Welcome,
I have a problem with this excercise:
A jeweler sold 60 watches of brand X last month for a total of € 1920. There are two types of this brand: one with stopwatch and one without. The watch with stopwatch is € 18 more expensive than the other type. The watch without a stopwatch costs more than € 20. How many watches of each type did the jeweler sell last month?
I tried to solve this system of eqations:
$$\begin {array} \\ x+y=60 \\ (38+k)x + (20+k)y = 1920 \end {array}$$
But I have no idea how I have to handle a linear diophantine equation with this k parameter.

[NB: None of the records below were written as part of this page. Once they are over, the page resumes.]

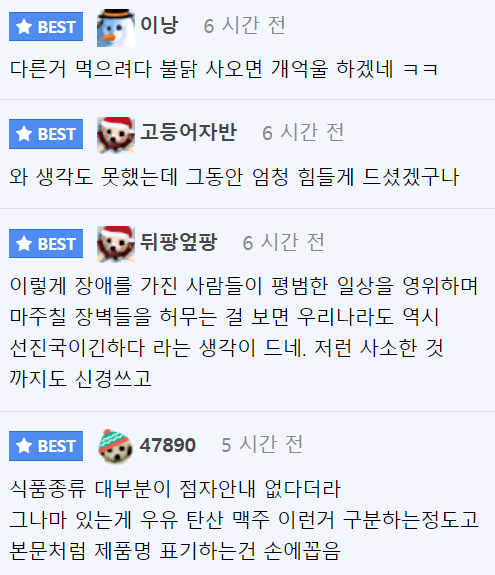 이를 본 온라인 커뮤니티 네티즌들은 “정말 생각도 못했는데 시각장애를 가진 사람들은 엄청 힘들게 컵라면을 드셨겠네요.”라는 반응을 보였다.
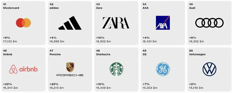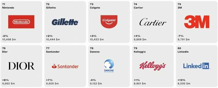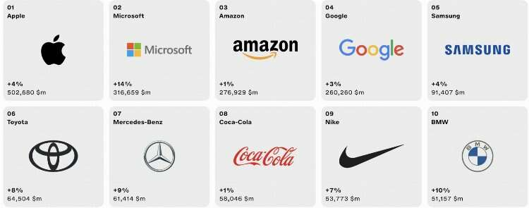 Interbrand'in her yıl gerçekleştirilen Dünyanın En Değerli Markaları (Best Global Brands) araştırmasının 2023 sonuçları açıklandı. Best Global Brands sıralamasında marka değerini yüzde 4 artışla 502 milyar dolara çıkaran Apple zirvedeki yerini korudu. Marka değerini yüzde 14 artıran Microsoft ikinci, Amazon üçüncü sıraya yerleşti. Teknoloji sektörünün damga vurduğu ilk 10’da yer alan diğer markalar, sırasıyla Google, Samsung, Toyota, Mercedes-Benz, Coca-Cola, Nike ve BMW oldu.
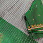 Grey Pure Kanchi Pattu Saree Saree Details : Grey Color Saree and Green Pallu with Fall and Pico done Blouse Details : Green Maggam work Blouse Size 38 and has margin to go up t0 Size 44; Sleeves Length : 10 Inches: Blouse Length : 15 Inches; Front Neck : 7 Inches; 8.5 Inches;
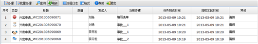 - 办理:选择一条记录,点办理,弹出流程审批界面。
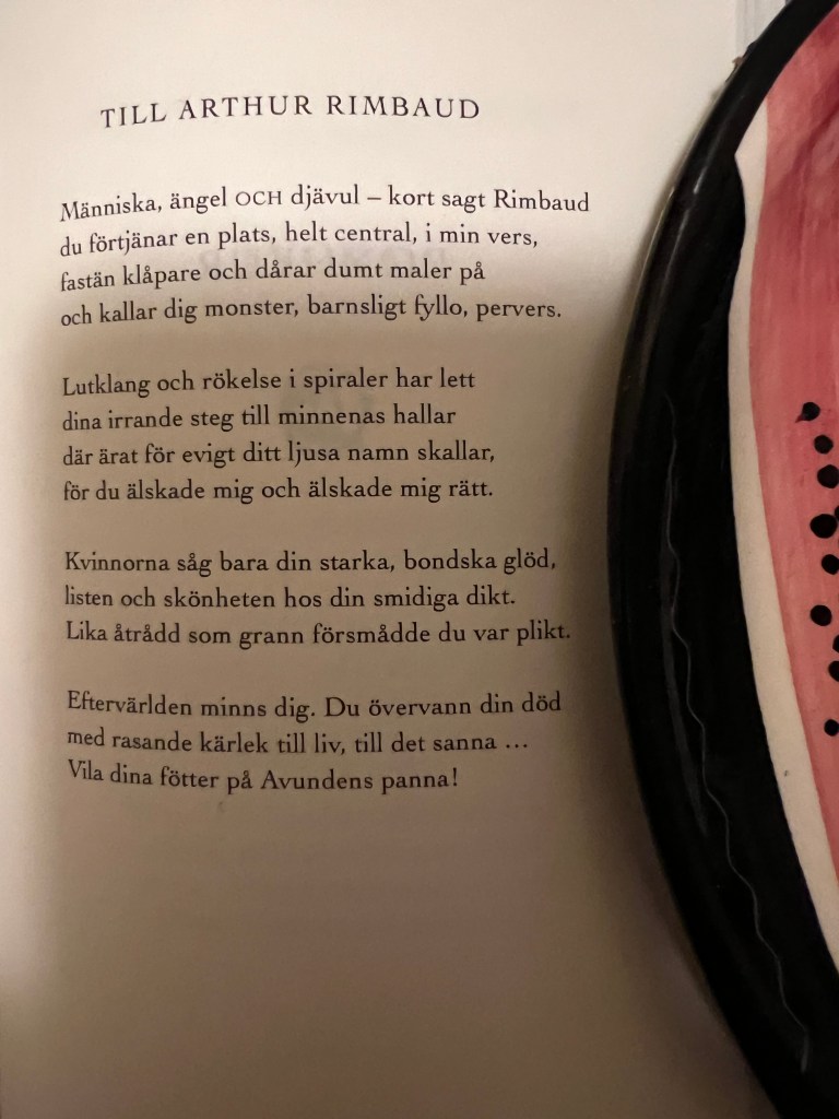 Mer läsande. Fick en fin liten bok med dikter av Paul Verlaine av en trevlig kvinna som hade besökt bokmässan i Göteborg. Upplever väl Verlaines dikter som lite mossiga, men kommer liksom in i det, hittar tonen och lyckas läsa honom med min ungdoms ögon, ungefär som jag någongång kan läsa Rimbaud. De där 1800-talspågarna tilltalade en. Verlaine var ju en självutnämnd poète maudit, en ”fördömd poet”, utstött av samhälle och normer. Sånt gillade man, och fortsätter att göra. Tror ett hälsotecken. Så ett kärt återseende ändå, och visst och somt är ganska bra. Här hans dikt om boyfrienden Rimbaud som han sköt i foten på fyllan, och fick två års fängelse för. Ja, det och homosexualiteten.

I hope that you can help me.
We have that
$$x+y=60$$ $$(38+k)x+(20+k)y=1920$$
Multiplying the first equation by $(20+k)$ we get
$$(20+k)x+(20+k)y=60(20+k)$$ $$(38+k)x+(20+k)y=1920$$
Subtracting, we have $18x=720-60k$. Hence $x=40-\frac{10k}{3}$.
And since $x+y=60$, we have that $y=20+\frac{10k}{3}$.
The fact that $x$, $y$ are integers implies that $\frac{10k}{3}$ is an integer. Hence $3$ must divide $k$.
The fact that $x,y\ge0$, gives us that $40-\frac{10k}{3}\ge0$ and $20+\frac{10k}{3}\ge0$. Hence $-20\le\frac{10k}{3}\le40$. So $-6\le k\le12$.
Hence $k$ must be either $-6,-3,0,3,6,9,12$;
in which case $(x,y)$ would be $(60,0),(50,10),(40,20),(30,30),(20,40),(10,50),(0,60),$ respectively.
Edit: The above solution contains one or two mistakes. First, $20+k$ was the price of the watches that did not have stopwatches. Since we were given that these watches cost more than € $20$, it follows that $k>0$.
Hence the value of $k$ should really be either $3,6,9,12$;
In which case $(x,y)$ would be $(30,30),(20,40),(10,50),(0,60),$ respectively.
The other potential mistake I made was assuming that $k$ was an integer. We clearly have that $x$, $y$ are non-negative integers, since these denote the number of each type of watch that was sold. We also have that $\frac{10k}{3}$ is an integer since $x=40-\frac{10k}{3}$.
So if we drop the assumption that $k$ is an integer, then we're just left with the fact that $\frac{10k}{3}$ is an integer with $0<\frac{10k}{3}\le40$.
It follows that $\frac{10k}{3}$ must be either $1,2,3,\ldots,38,39,40$;
in which case $k$ must be either $0.3,0.6,0.9,\ldots,11.4,11.7,12$;
and $(x,y)$ would be either $(39,21),(38,22),(37,23),\ldots,(2,58),(1,59),(0,60)$ respectively.
Hence if we drop the assumption that $k$ is an integer, then the solutions are the pairs of integers $(x,y)$ with $y=60-x$ and $0\le x\le39$.